September 13, 2007

Meetup madness: Slumming it in startup land

Odyssey of face-to-face meet-ups rivals golf as a good waste of time

Ever wish you could take a one-year sabbatical from your corporate job, then (after six months of golf) dive into the vibrant, energizing world of grassroots technology innovation?

You'd travel to Silicon Valley, get an apartment in San Francisco, spend time just meeting people and finding the informal venues where young innovators mingle. You'd debate architectures and business models. Do mashups. Stay up all night whiteboarding and prototyping, then drive to the desert for the Burning Man festival, getting back just in time for your stock options to vest.

Well, forget about it, I'm going to save you the trouble. It's not glamorous like that. Maybe energizing on some level – but boy, it certainly ain't pretty.

I know this because I've just spent a couple of months going to a bunch of small, grassroots local discussions about technology, called meetups. These are loosely organized get-togethers where a hodgepodge of techies and entrepreneurs exchange ideas, noodle over problems, and build friendships over beer or in a borrowed conference room.

Now maybe I just haven't gone to the right ones, but I've gone to enough that I'm starting to see some recurring themes:

1. The total non-sequitur (aka "why am I here"). At a recent open source database meetup, I asked a woman next to me if she had any advice about shared hosting providers. She proceeded to tell me everything there is to know about their First Amendment (privacy) policies, which is her top concern because her content is "sensitive." I also found out what she meant by "sensitive," but I'll spare you the details.

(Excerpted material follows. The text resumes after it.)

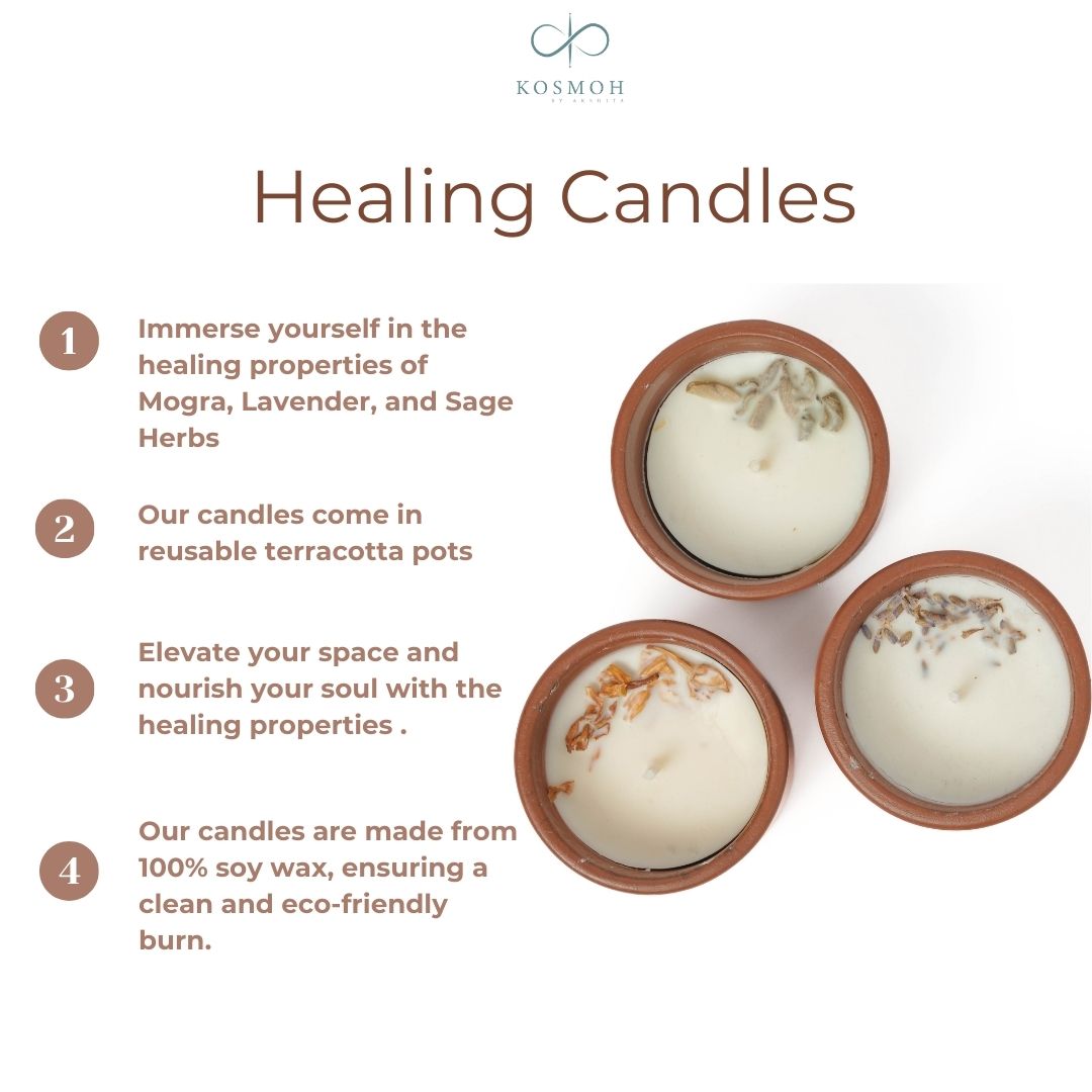 Elevate Your Space, Elevate Your Well-being: Kosmoh's Healing Terracotta Candles transcend the ordinary. They're invitations to a sanctuary, reflections of your commitment to mindful choices. Illuminate your space, nurture your soul, and let the flicker of each flame tell a story of holistic living.

2. The smartest person in the room hasn't reached puberty. I attended a content management meetup at a large nearby university. There were about 40 people present, mostly in their 30s and 40s, including several IT staffers from that large university. After a round of introductions, the lights dimmed and the featured talk was given – by a 10-year-old. A freakin' 10-year-old! OK, maybe he was 12. And it was a good presentation. But where did this kid come from?

3. The anti-establishment arrogance factor. "Half our business is because corporate IT departments can't move fast enough and are too calcified," one entrepreneur told me at another event. "Our customers need it up and running next week, but their IT budget process has a one-year lead time… those guys are good for nothing."

4. The "we're so great, woe is us" factor. "Our traffic is off the charts, we're growing 10 percent a week, but the way we designed our database, we have nine million tables. We're so hosed."

5. The "I'm so good, woe is me" factor. "Operations people like me just don't get any respect. I was offered a sys admin job at Google three years ago for $34,000 a year. Can you believe that? Sure, they had all the on-site benefits, but you can't live on that. Good people are leaving there because they don't pay enough…"

6. The "handcuffed by the community" conundrum. "Of course we should add that functionality to our core code … we'd like to, but we're an open source project and need to be sensitive to the community that's developed all the third-party modules. Yes, we know they don't work well together … that'll just have to get sorted out over time."